> _Work to be completed_
Compute how many lines in the listing below hold the string "นไซบาช", then state only the result.

> _Material shown_
__________________________________________________
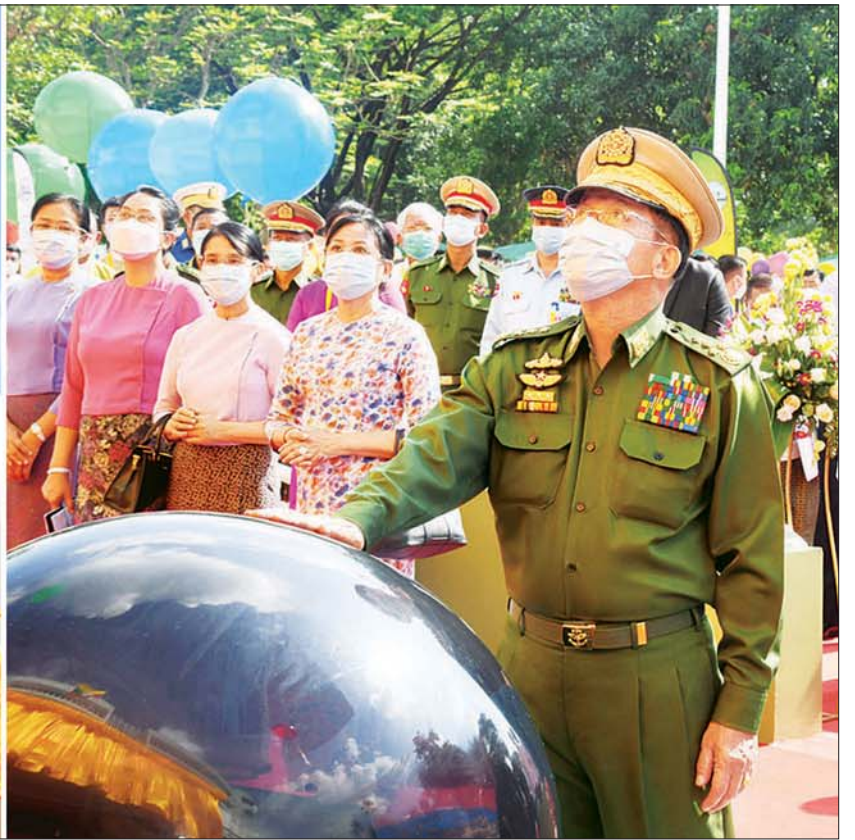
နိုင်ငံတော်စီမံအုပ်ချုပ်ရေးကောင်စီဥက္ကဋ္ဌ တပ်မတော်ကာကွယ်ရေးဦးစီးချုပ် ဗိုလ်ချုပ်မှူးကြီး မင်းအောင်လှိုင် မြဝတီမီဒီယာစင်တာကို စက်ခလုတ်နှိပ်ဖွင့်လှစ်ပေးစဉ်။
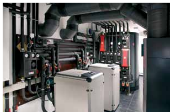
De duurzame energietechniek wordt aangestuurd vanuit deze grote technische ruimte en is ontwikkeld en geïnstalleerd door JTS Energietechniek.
__________________________________________________
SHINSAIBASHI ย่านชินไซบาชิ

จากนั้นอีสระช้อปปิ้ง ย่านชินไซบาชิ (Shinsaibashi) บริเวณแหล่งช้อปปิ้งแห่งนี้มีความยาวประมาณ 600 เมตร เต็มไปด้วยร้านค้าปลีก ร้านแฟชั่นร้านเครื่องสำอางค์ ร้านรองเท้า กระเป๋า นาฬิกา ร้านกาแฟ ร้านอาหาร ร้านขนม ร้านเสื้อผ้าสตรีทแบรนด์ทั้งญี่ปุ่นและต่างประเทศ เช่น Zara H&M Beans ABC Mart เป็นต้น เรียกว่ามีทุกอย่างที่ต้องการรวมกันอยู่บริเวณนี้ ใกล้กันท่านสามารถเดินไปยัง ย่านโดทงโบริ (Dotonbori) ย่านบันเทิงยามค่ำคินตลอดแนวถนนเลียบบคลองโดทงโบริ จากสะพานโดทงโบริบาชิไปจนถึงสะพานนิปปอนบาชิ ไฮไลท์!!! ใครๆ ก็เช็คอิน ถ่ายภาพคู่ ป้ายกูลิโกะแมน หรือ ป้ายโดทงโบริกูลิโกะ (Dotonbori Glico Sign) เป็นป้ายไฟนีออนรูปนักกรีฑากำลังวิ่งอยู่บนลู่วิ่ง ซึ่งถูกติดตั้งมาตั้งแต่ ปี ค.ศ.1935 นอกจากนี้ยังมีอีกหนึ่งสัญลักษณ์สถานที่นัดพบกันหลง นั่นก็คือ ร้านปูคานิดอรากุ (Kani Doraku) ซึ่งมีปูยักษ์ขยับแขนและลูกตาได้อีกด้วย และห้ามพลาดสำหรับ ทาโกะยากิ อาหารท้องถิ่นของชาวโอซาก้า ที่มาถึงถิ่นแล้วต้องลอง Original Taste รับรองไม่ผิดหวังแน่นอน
__________________________________________________
> _Response to this task_
2